Tineke Bruijnzeels, Photograph 52
Tineke Bruijnzeels, Photograph 1

Tineke Bruijnzeels
Lights (51/52) (Published 21st July 2019)
Sky (52/52) (Published 28th July 2019)
Bridge (1/52) (Published 5th August 2018)

Tineke Bruijnzeels

My art practice varies from installations to minimalist drawings and layered paintings.

More and more I realise that the starting point for my work is spiritual. For many years I have made work where the small repeated gesture resulted in a larger objects and installations. The small is always part of a bigger whole, like the cells in my body, every drop in the ocean and any planet in the Universe. In this exhibition, each one of the 52 photographs is an essential part of the visual story.

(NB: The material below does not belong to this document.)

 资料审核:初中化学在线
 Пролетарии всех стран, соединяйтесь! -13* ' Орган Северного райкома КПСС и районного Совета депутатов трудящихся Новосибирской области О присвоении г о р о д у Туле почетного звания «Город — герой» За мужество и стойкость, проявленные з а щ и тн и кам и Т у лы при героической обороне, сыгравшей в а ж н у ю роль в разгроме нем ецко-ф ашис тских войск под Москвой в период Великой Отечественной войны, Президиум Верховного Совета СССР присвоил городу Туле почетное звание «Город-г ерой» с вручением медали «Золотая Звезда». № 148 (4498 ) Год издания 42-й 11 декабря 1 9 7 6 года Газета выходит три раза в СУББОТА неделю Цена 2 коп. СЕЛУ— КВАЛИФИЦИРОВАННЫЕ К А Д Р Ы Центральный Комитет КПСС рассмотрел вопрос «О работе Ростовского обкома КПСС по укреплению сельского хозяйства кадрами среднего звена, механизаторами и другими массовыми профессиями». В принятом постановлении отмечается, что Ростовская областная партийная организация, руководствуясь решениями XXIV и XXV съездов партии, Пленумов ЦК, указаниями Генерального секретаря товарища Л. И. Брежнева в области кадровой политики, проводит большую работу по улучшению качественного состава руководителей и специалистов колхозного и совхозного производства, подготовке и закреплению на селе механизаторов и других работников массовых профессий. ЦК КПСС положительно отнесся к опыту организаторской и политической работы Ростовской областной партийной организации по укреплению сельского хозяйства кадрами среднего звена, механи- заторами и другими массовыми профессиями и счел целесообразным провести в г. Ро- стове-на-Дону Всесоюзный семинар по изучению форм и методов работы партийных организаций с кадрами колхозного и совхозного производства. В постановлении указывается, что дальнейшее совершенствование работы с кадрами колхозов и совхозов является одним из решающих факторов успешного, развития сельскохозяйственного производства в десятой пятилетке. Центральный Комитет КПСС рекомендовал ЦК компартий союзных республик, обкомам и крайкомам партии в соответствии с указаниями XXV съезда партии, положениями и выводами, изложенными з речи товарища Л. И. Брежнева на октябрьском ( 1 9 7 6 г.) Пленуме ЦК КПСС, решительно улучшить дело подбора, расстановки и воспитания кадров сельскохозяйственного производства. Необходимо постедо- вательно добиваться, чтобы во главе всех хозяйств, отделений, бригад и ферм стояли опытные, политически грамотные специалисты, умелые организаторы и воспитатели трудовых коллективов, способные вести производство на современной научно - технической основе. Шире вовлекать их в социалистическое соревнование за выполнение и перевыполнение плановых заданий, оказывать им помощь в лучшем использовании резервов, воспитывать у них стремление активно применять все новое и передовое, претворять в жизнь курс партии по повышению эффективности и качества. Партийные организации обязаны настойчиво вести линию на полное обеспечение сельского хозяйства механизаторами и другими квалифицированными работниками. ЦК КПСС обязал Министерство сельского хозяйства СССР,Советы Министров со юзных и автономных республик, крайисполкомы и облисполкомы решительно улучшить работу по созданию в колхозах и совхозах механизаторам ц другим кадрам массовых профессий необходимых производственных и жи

My work is usually made by repeating one single act; either by adding or by taking away. I let 1001 ping-pong balls levitate in the air; I glue 44,000 rubber bands together. I apply many layers of varnish, sometimes 350, sometimes 50. Each act, however small, is part of the final work. Like every second is an essential part of a day, a year, and a century. Like every breath is part of life. Time is intertwined with my work, which often takes months, and sometimes years to make.

After living in several countries over the last 29 years, I now live and work back in the Netherlands. I have a BA in Graphic Design and Advertising from Academie voor Beeldende Kunsten Rotterdam (now Willem de Kooning Academy), and a BA in Fine Art from BCUC (now Buckinghamshire New University).

Tineke Bruijnzeels's website and Tineke Bruijnzeels on Instagram

Cally Trench, Photograph 44

Cally Trench
Hands of Graham Hudson throwing, 2nd May 2019
(Published 2/6/19)

Cally Trench, Photograph 10

Cally Trench
Hands of Mervyn Diese / Original Syna, 22nd July 2018
(Published 7/10/18)

Cally Trench

Cally Trench is an artist whose work includes drawings, short films and board games. One of her concerns is with the human body, and she makes drawings of her own and other people's faces, bodies, hands and feet. Cally has an MA in Fine Art from Central Saint Martins. She lives and works in Buckinghamshire, England.

Cally Trench's homepage and Cally Trench on Instagram


Loucia Manopoulou

Loucia Manopoulou is a curator and researcher who works across the fields of design, craft and contemporary art.

Loucia has worked in a wide range of creative and cultural environments for more than 20 years, both in Greece and in the UK, including commercial galleries, museums and the Athens 2004 Olympic Games. Currently, a Trustee at Making Space, Havant and 318 Ceramics, Farnham.

Loucia holds an MRes (Distinction) in Crafts (2017) from the University for the Creative Arts, Farnham, and an MA in Design Management (1999) from the Surrey Institute of Art and Design University College.

Currently, she is Curator at South Hill Park Arts Centre, Bracknell and PhD candidate at University for the Creative Arts, investigating curatorial practice as a mode of research.